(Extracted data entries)
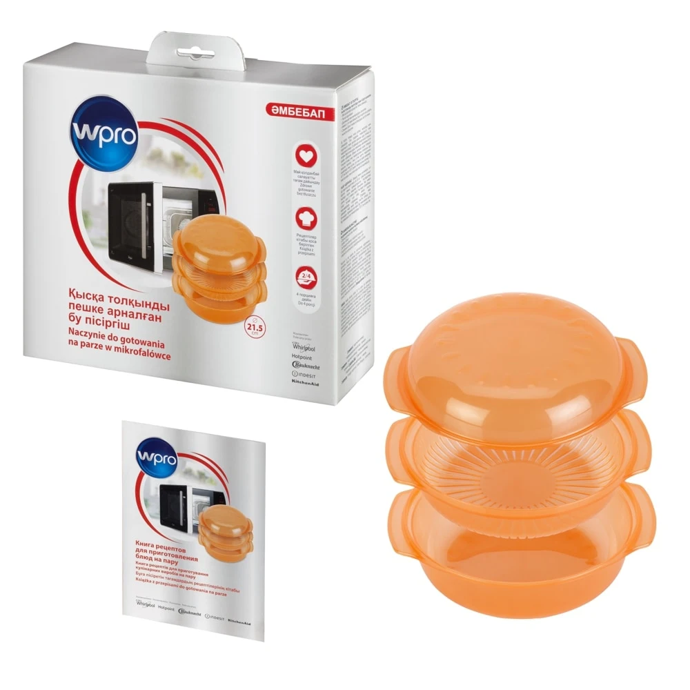 Универсальная пароварка для микроволновой печи Wpro позволяет Вам готовить здоровые и вкусные блюда. В комплекте с книгой рецептов, где Вы можете найти рецепты всех видов блюд: от закусок до десертов.
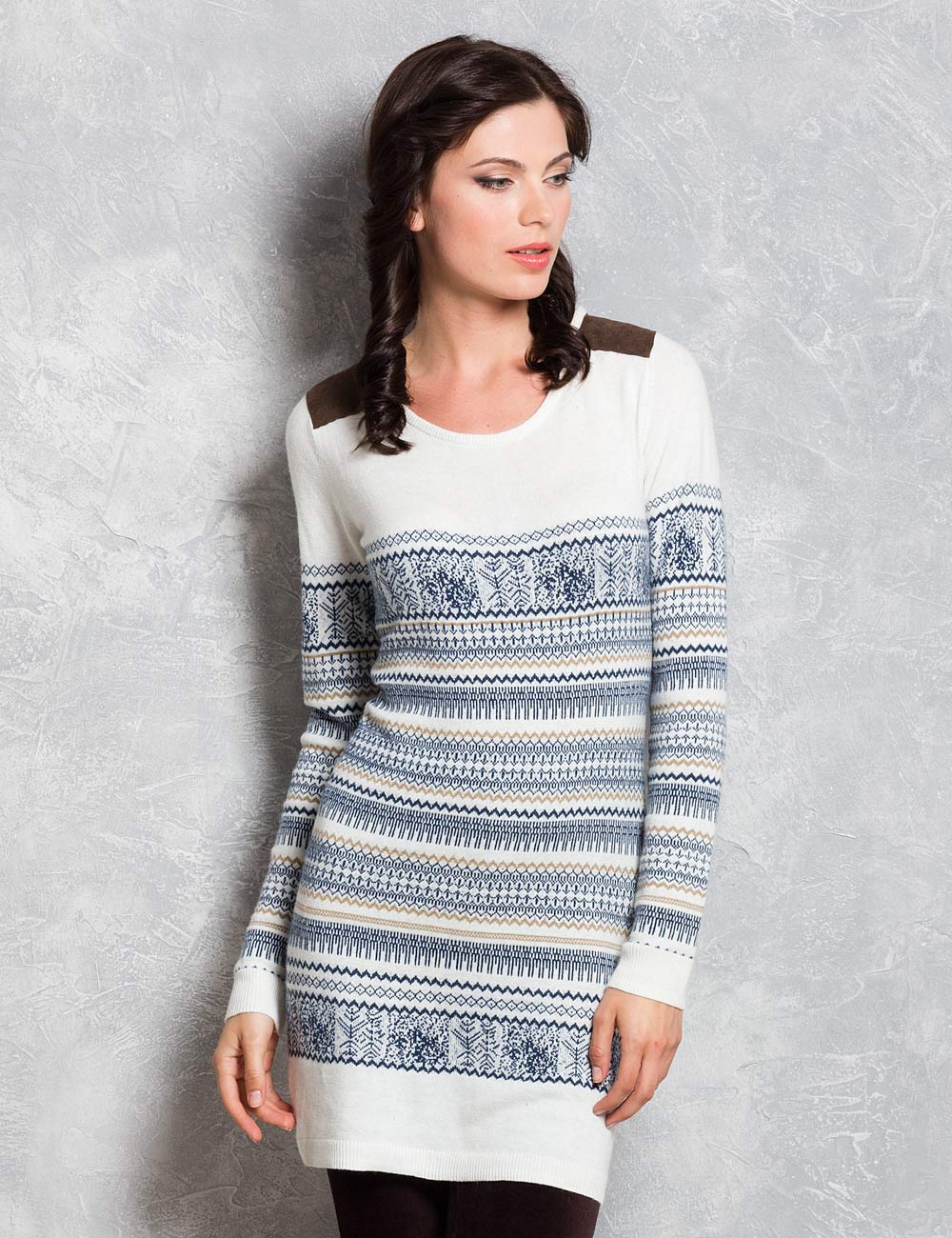 Описание: Плотная вязка из тончайшей пряжи придает изделию легкость и одновременно формоустойчивость. Плечи украшены деталями из искусственной замши коричневого цвета.
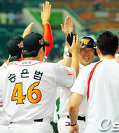 최동수,'만루포 승리, 미소가 절로'
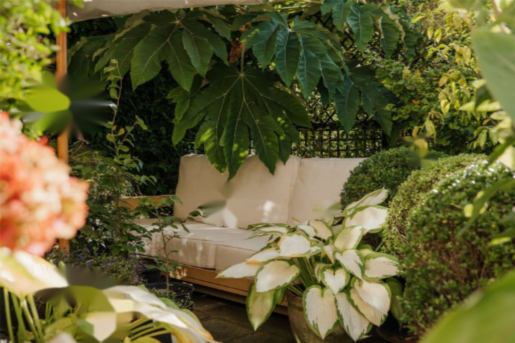 Южный сад открывается прямо на парковые пространства общего садового квадрата. Также есть балкон на первом этаже с видом на сад и терраса на крыше на третьем этаже. Наконец, в отдельном служебном доме есть парковка вне улицы для нескольких автомобилей, доступная через частный заезд.
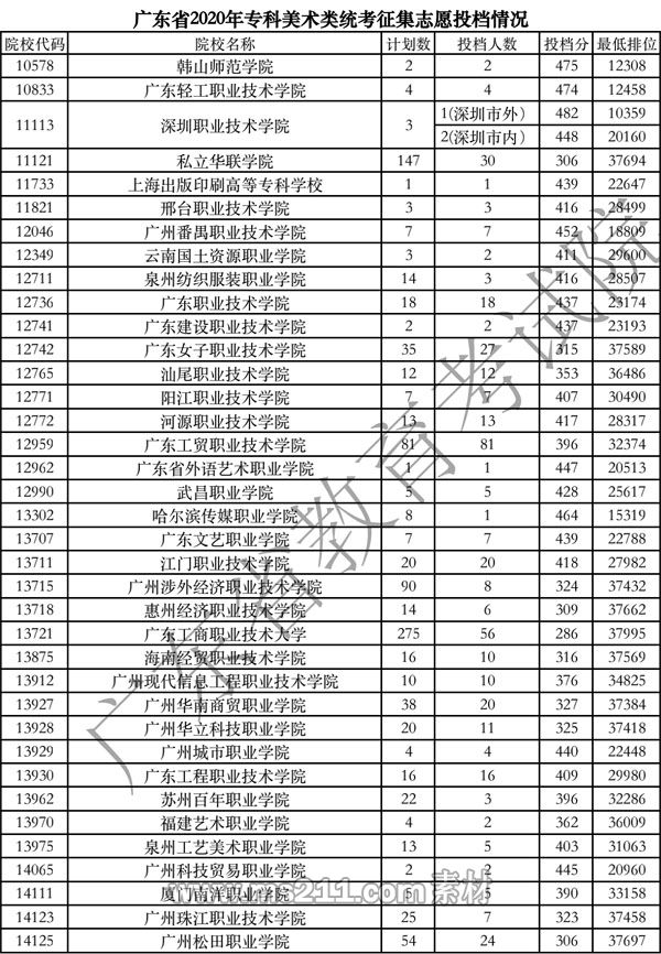 相關(guān)熱詞搜索:廣東省 / 專(zhuān)科 / 美術(shù)類(lèi) / 統(tǒng)考 / 征集志愿 / 投檔分?jǐn)?shù)線

TASK DESCRIPTION: For each entry above, write it out again exactly but leave out any picture.

THE ANSWER:
 Универсальная пароварка для микроволновой печи Wpro позволяет Вам готовить здоровые и вкусные блюда. В комплекте с книгой рецептов, где Вы можете найти рецепты всех видов блюд: от закусок до десертов.
 Описание: Плотная вязка из тончайшей пряжи придает изделию легкость и одновременно формоустойчивость. Плечи украшены деталями из искусственной замши коричневого цвета.
 최동수,'만루포 승리, 미소가 절로'
 Южный сад открывается прямо на парковые пространства общего садового квадрата. Также есть балкон на первом этаже с видом на сад и терраса на крыше на третьем этаже. Наконец, в отдельном служебном доме есть парковка вне улицы для нескольких автомобилей, доступная через частный заезд.
 相關(guān)熱詞搜索:廣東省 / 專(zhuān)科 / 美術(shù)類(lèi) / 統(tǒng)考 / 征集志愿 / 投檔分?jǐn)?shù)線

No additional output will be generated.